▶ [EXERCISE GOAL]
Only the lines from the one holding "Parte de la" to the end of the data should be echoed, exactly as they appear, minus the pictures.

▶ [Dataset excerpts]
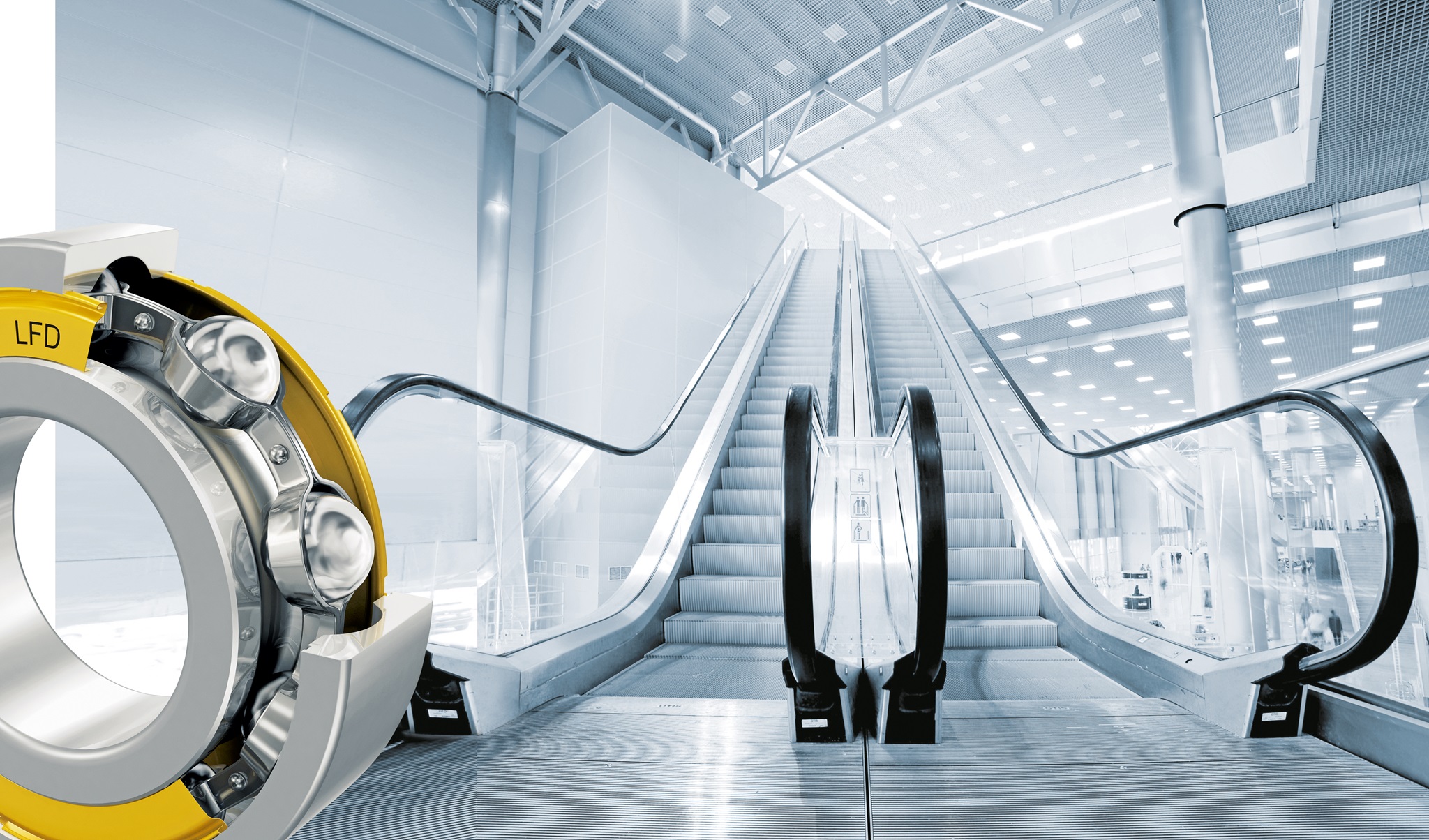 Der Motor setzt über ein Zahnrad die Antriebswelle der Treppe in Gang. Durch den Kettenantrieb werden die Stufen angetrieben. Geräuscharm müssen aber auch die Wälzlager sein. Die einzelnen Stufen des Stufenbandes sind jeweils mit zwei vorderen und zwei hinteren Führungsrollen ausgerüstet. Diese werden über Führungsschienen in positionsabhängig definierter Lage geführt. Pro Stufe kommen allein vier Lager zum Einsatz, die jeweils durch eine Achse verbunden sind. Durch die paarweise gegenüberliegend in Rollen angebrachten Lager (zum Beispiel 6204 2RS) wird eine zuverlässige Führung ermöglicht und ein Verkippen verhindert. Lager von LFD haben bei den entsprechenden Tests alle Voraussetzungen einwandfrei bestanden und werden daher weltweit eingesetzt. Sie sind geräuscharm, leicht laufend und stark belastbar.
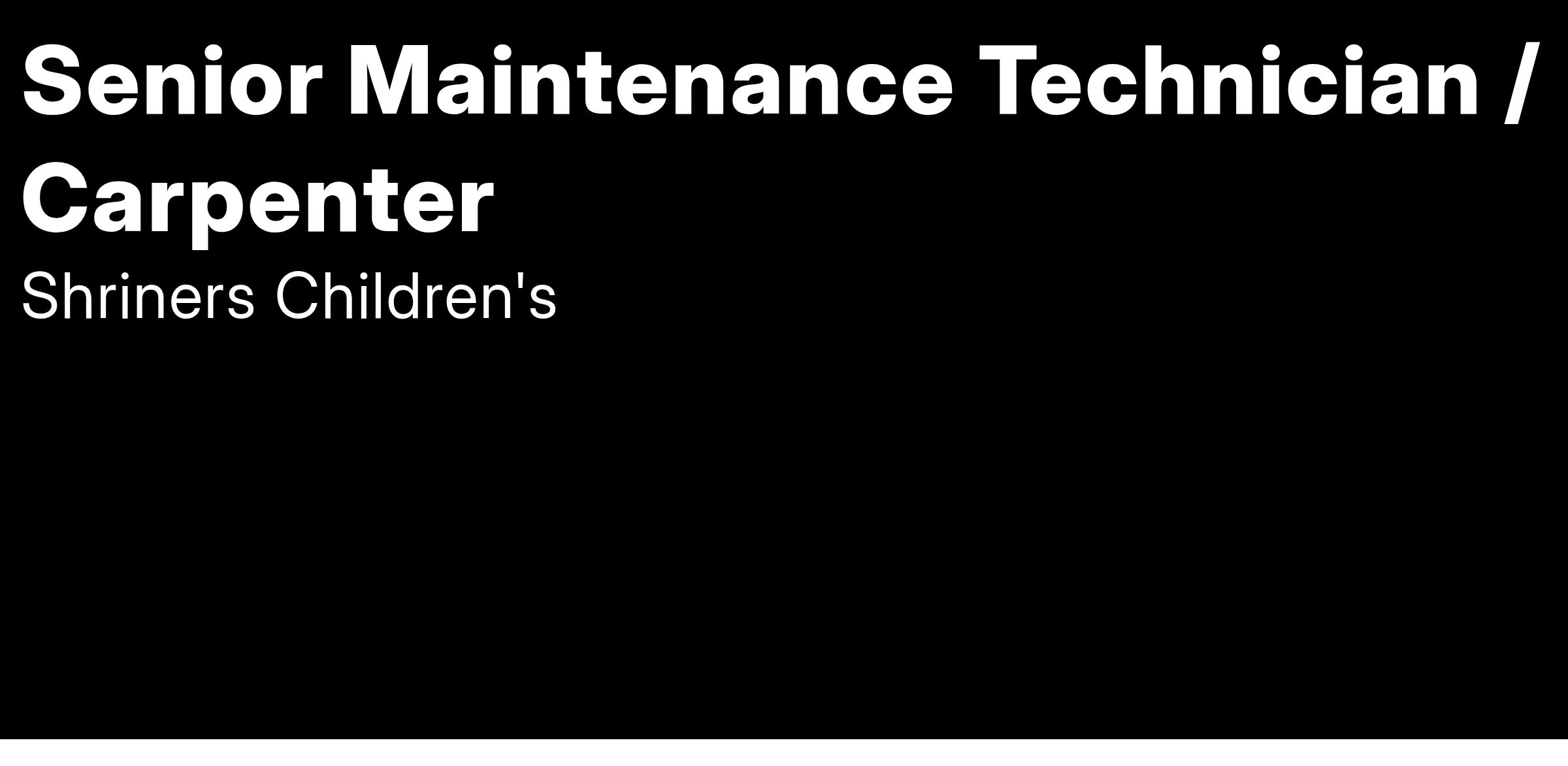 The Senior Maintenance Technician is a journeyman level position responsible for performing a variety of basic and comples tasks including carpentry, preventative maintenance, repair, and operation of buildings, equipment, utility systems and grounds and also a multitude of hospital systems. The full scope of duties insure a safe, reliable, and efficient environment for our staff, patients and visitors. This position offers the opportunity to cross over and grow your skillset within the team.
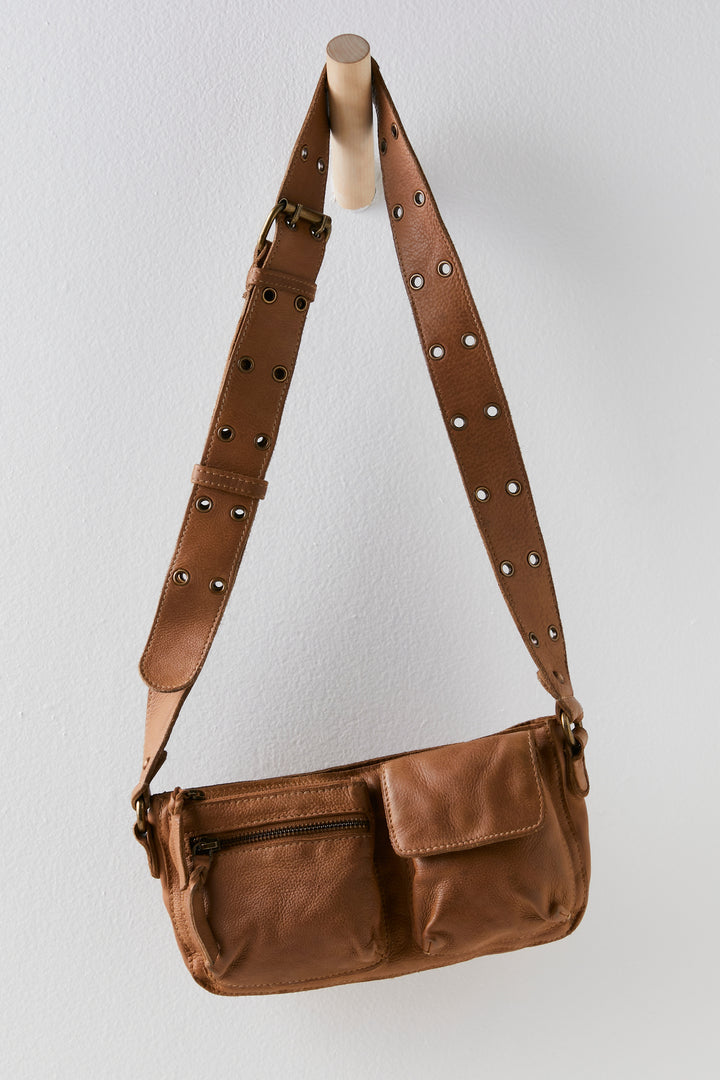 - Features: Sling style, rectangle-shaped silhouette, multiple exterior pockets, adjustable grommet buckle strap, spacious interior compartment.
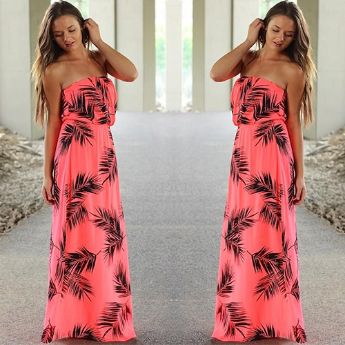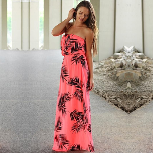 cater to any occasion! This strapless maxi dress surely fits you. Chic floral print and high
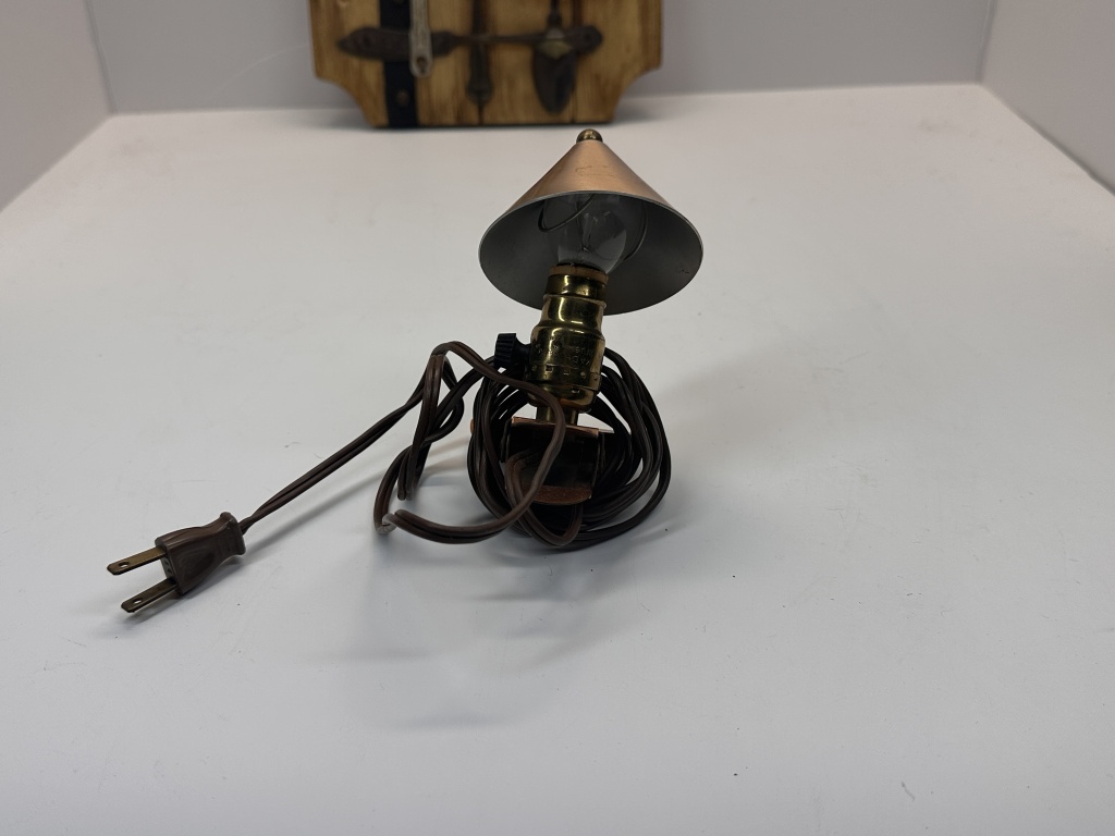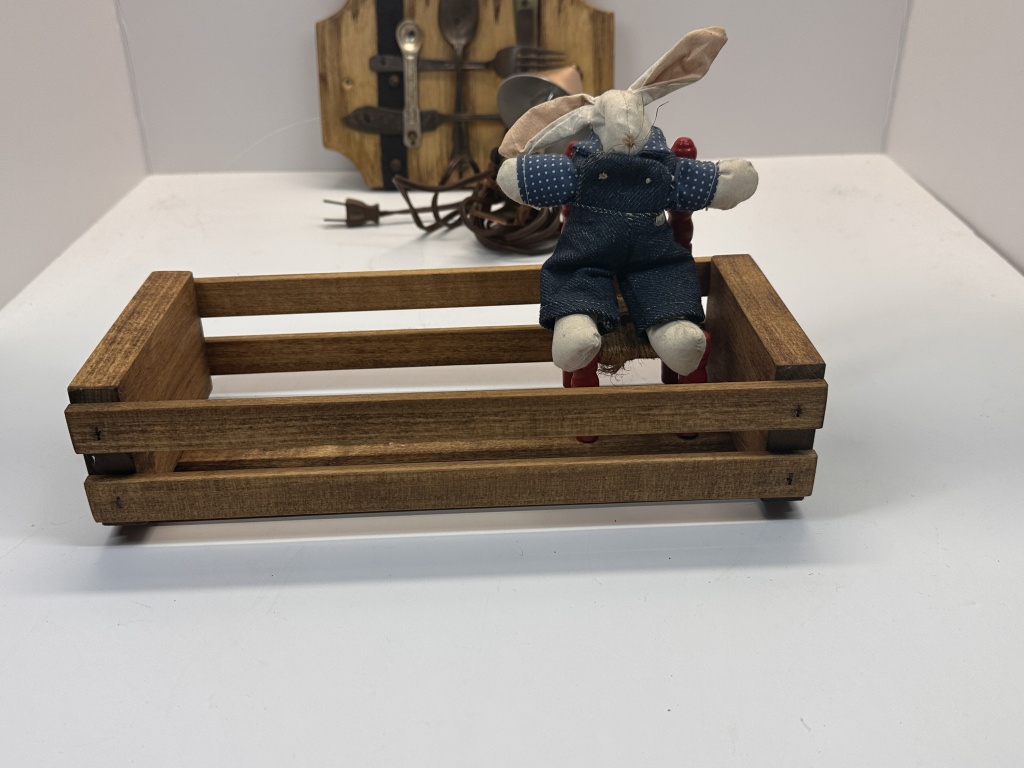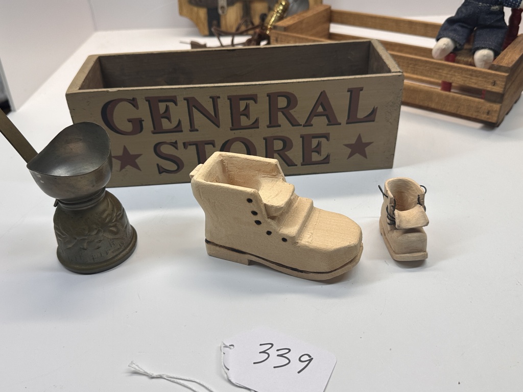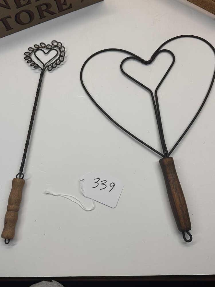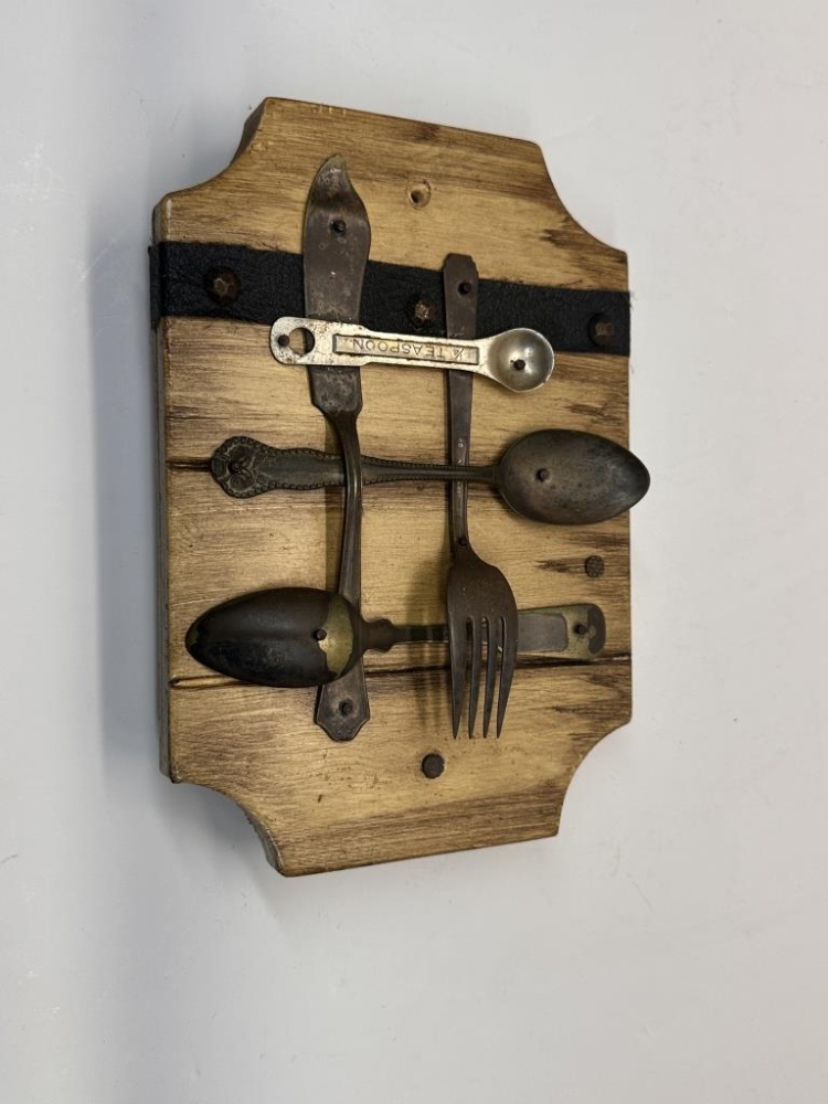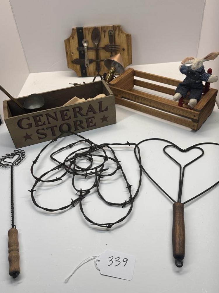 GENERAL STORE BOX, BARBED WIRE DECORATION, HEART DECORATIONS, LIGHT, UTENSILS MOUNTED ON BOARD
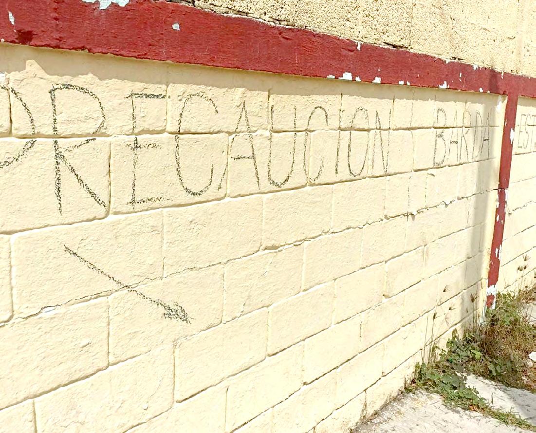 Parte de la barda de la primaria 20 de Noviembre podría venirse abajo, debido a los daños que presenta luego de que una maquinaria al servicio del ayuntamiento de Ciudad Madero la golpeó.
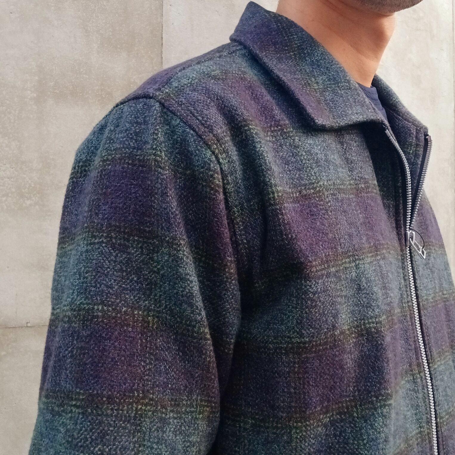今回は、アメカジブームもあり、定番のドリズラーを厚みのあるオンブレチェックの起毛素材を使って、シンプルなデザインのジャケットに仕上げています。素材にもこだわり、3色の糸から1本の糸を撚った「三つ」糸を使用した『クロモア』を使っており、深みのあるメランジ感がウールのような上質感を醸し出す高級素材を使用。また、表面は軽く起毛加工してあり、温かみのある肌触りが大人っぽい。ジッパーは、上下開閉のダブルジッパー仕様なので、様々なスタイリングのアレンジが楽しめます。パンツも太めのパンツでも、デニムでも、スエットパンツを合わせても良い。2025年のトレンド感あるスタイリングにぜひ使ってみて下さい。

▶ [ANSWER BOX]
 Parte de la barda de la primaria 20 de Noviembre podría venirse abajo, debido a los daños que presenta luego de que una maquinaria al servicio del ayuntamiento de Ciudad Madero la golpeó.
今回は、アメカジブームもあり、定番のドリズラーを厚みのあるオンブレチェックの起毛素材を使って、シンプルなデザインのジャケットに仕上げています。素材にもこだわり、3色の糸から1本の糸を撚った「三つ」糸を使用した『クロモア』を使っており、深みのあるメランジ感がウールのような上質感を醸し出す高級素材を使用。また、表面は軽く起毛加工してあり、温かみのある肌触りが大人っぽい。ジッパーは、上下開閉のダブルジッパー仕様なので、様々なスタイリングのアレンジが楽しめます。パンツも太めのパンツでも、デニムでも、スエットパンツを合わせても良い。2025年のトレンド感あるスタイリングにぜひ使ってみて下さい。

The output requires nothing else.